La réunion a réuni « des représentants de pays en cours de reclassement et déjà diplômés », y compris des expériences d'Asie, d'Afrique et des petits États insulaires, ainsi que des entités du système des Nations Unies et des experts internationaux, permettant un échange d'expériences sur la conception, la mise en œuvre et le financement de stratégies de transition en douceur.

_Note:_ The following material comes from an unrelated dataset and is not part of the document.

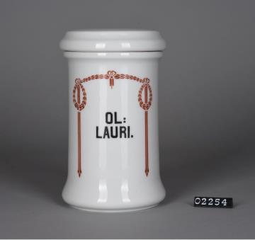 Zylinderförmiger Porzellantiegel mit Stülpdeckelrand, geschweiftem Rand und geschweiftem Fuß. Stülpdeckel mit Kehlung. Standring. Standboden plan. Jugendstilähnliche, rotbraune Randdekoration (Blattgirlande mit Bändern). Eingebrannte schwarze Signatur Ol(eum): Lauri. Enthält Lorbeeröl.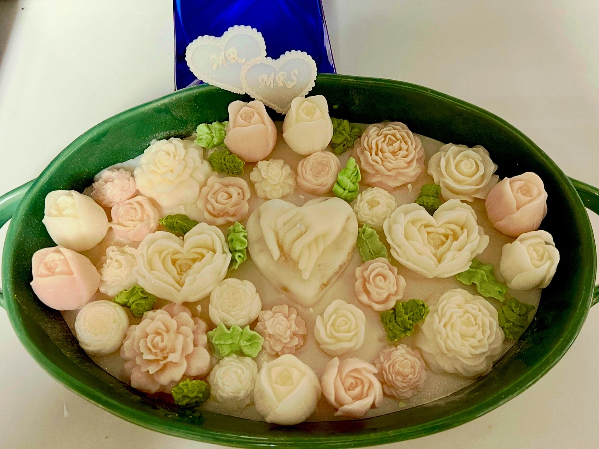 All candles are custom made. Typical turnaround time is 48 hours to ship. All candles take 5 - 10 days to fully cure, for maximum scent and color.

À un autre moment, ce mardi, l'Ambassadeur Francisco José da Cruz a participé à l'événement parallèle sur « Climat, paix et sécurité : perspectives et réponses régionales africaines », organisé en marge de la Conférence de Berlin sur le climat et la sécurité, qui a eu lieu à Berlin, en Allemagne.

Dans son discours, le diplomate angolais a souligné que le changement climatique constitue un défi direct au développement et à la stabilité, avec des impacts visibles sur la sécheresse, la pénurie d'eau et la vulnérabilité de la population, notamment dans le sud du pays.

Ces facteurs, a-t-il ajouté, aggravent les faiblesses existantes et peuvent intensifier les risques d'instabilité.

Il a souligné la nécessité de réponses intégrées et préventives, alignées sur les priorités de développement de l'Afrique, mettant en avant les investissements dans les énergies renouvelables, l'accès à l'eau et une agriculture résiliente, y compris le projet du canal de Cafu comme exemple concret d'impact sur le terrain.

Il a également évoqué le rôle des organisations régionales africaines dans l'intégration des risques climatiques dans les mécanismes de prévention des conflits, ainsi que l'importance de renforcer le lien entre l'humanitaire, le développement et la paix et la coopération entre les Nations Unies et l'Union africaine.

Il a appelé au renforcement d'un financement climatique prévisible et abordable pour l'Afrique et à la mise en œuvre de la résolution 2719 du Conseil de sécurité, en tant qu'élément essentiel pour soutenir les réponses africaines aux défis complexes en matière de paix et de sécurité.

L'ambassadeur a réaffirmé l'engagement de l'Angola en faveur des solutions africaines et d'une action multilatérale efficace face aux défis interconnectés du climat, de la paix et de la sécurité.